• _Work instructions_: Because the entries hold pictures, reproduce only their words, exactly as written.

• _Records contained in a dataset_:
- - -
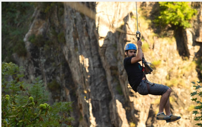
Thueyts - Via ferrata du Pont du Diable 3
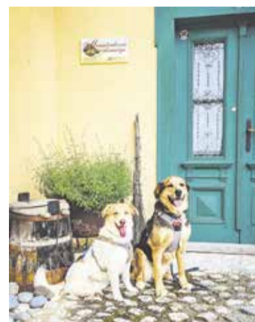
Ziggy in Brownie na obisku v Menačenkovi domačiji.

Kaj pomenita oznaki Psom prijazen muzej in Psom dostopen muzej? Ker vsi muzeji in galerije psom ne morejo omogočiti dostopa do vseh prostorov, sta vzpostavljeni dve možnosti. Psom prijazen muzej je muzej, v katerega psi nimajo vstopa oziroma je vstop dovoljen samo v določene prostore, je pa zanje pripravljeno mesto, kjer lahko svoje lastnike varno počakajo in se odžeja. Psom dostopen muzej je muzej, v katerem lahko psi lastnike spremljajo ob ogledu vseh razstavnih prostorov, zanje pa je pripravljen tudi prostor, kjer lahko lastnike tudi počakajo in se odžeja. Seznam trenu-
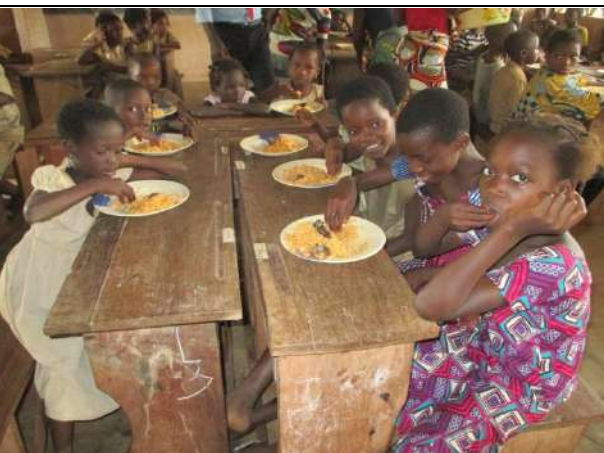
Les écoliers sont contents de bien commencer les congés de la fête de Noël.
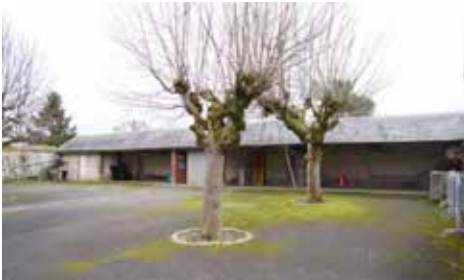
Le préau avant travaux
- - -
• _Result of this task_:
Thueyts - Via ferrata du Pont du Diable 3
Ziggy in Brownie na obisku v Menačenkovi domačiji.

Kaj pomenita oznaki Psom prijazen muzej in Psom dostopen muzej? Ker vsi muzeji in galerije psom ne morejo omogočiti dostopa do vseh prostorov, sta vzpostavljeni dve možnosti. Psom prijazen muzej je muzej, v katerega psi nimajo vstopa oziroma je vstop dovoljen samo v določene prostore, je pa zanje pripravljeno mesto, kjer lahko svoje lastnike varno počakajo in se odžeja. Psom dostopen muzej je muzej, v katerem lahko psi lastnike spremljajo ob ogledu vseh razstavnih prostorov, zanje pa je pripravljen tudi prostor, kjer lahko lastnike tudi počakajo in se odžeja. Seznam trenu-
Les écoliers sont contents de bien commencer les congés de la fête de Noël.
Le préau avant travaux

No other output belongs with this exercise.